Course: Communication Systems

This course explores analog and digital communication techniques, modulation schemes, noise analysis, and error correction methods. Students will analyze real-world systems like GSM, Wi-Fi, and satellite communications using MATLAB simulations.

Course: Thermodynamics

Building on basic thermodynamic principles, this course covers advanced topics such as entropy, heat transfer mechanisms, refrigeration cycles, and power generation processes. Students will perform experiments in a laboratory setting to validate theoretical concepts and understand practical applications.

Course: Structural Analysis

This elective focuses on analyzing complex structural systems under various loading conditions. Students will learn matrix methods of structural analysis, finite element modeling, and design principles for buildings and bridges. Case studies include iconic structures like the Eiffel Tower and Golden Gate Bridge.

Course: Process Calculations

Students explore chemical process design, reaction kinetics, mass and energy balances, and unit operations in industrial settings. The course emphasizes practical applications through laboratory experiments and simulations using software like Aspen Plus.

Course: Machine Learning

This course covers supervised and unsupervised learning algorithms, neural networks, deep learning frameworks (TensorFlow, PyTorch), and reinforcement learning techniques. Students will implement projects involving image classification, natural language processing, and recommendation systems.

Course: Embedded Systems

Focusing on designing embedded software for microcontrollers and real-time systems, this course teaches students how to program ARM Cortex-M series processors and integrate sensors, actuators, and communication modules. Labs include building IoT devices and implementing real-time operating systems.

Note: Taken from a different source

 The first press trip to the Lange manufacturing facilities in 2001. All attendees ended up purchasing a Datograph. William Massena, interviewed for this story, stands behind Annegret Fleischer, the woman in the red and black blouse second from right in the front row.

Course: Digital Electronics

This elective covers digital logic design, combinational and sequential circuits, programmable logic devices (PLDs), and FPGA-based implementations. Students will design digital systems using Verilog or VHDL and test them on hardware platforms like Xilinx Zynq.

Course: Signal Processing

Students study discrete-time signals, transforms, filtering techniques, and spectral analysis. The course includes practical labs involving MATLAB-based signal processing applications such as audio compression, speech recognition, and biomedical signal analysis.

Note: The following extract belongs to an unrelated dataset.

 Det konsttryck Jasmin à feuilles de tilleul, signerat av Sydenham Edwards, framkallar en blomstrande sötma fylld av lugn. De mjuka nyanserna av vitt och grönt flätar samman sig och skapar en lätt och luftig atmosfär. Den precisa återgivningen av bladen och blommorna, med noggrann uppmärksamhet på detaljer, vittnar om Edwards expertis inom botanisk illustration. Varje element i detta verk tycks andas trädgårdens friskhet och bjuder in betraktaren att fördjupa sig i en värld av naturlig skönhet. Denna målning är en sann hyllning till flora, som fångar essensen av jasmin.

Project-Based Learning Philosophy

Our program emphasizes project-based learning as a cornerstone of engineering education. Projects are structured to mirror real-world challenges and encourage students to apply theoretical knowledge creatively. Mini-projects begin in the second year, allowing students to explore different areas of interest before choosing their final thesis topic.

The evaluation criteria for projects include technical depth, innovation, teamwork, presentation skills, and adherence to deadlines. Faculty mentors guide students throughout the project lifecycle, ensuring alignment with academic standards and industry relevance.

Students select projects based on faculty availability, resource constraints, and personal interests. They may propose ideas that align with ongoing research initiatives or collaborate with external partners for industry-sponsored projects. This flexibility ensures that every student gains meaningful experience tailored to their aspirations.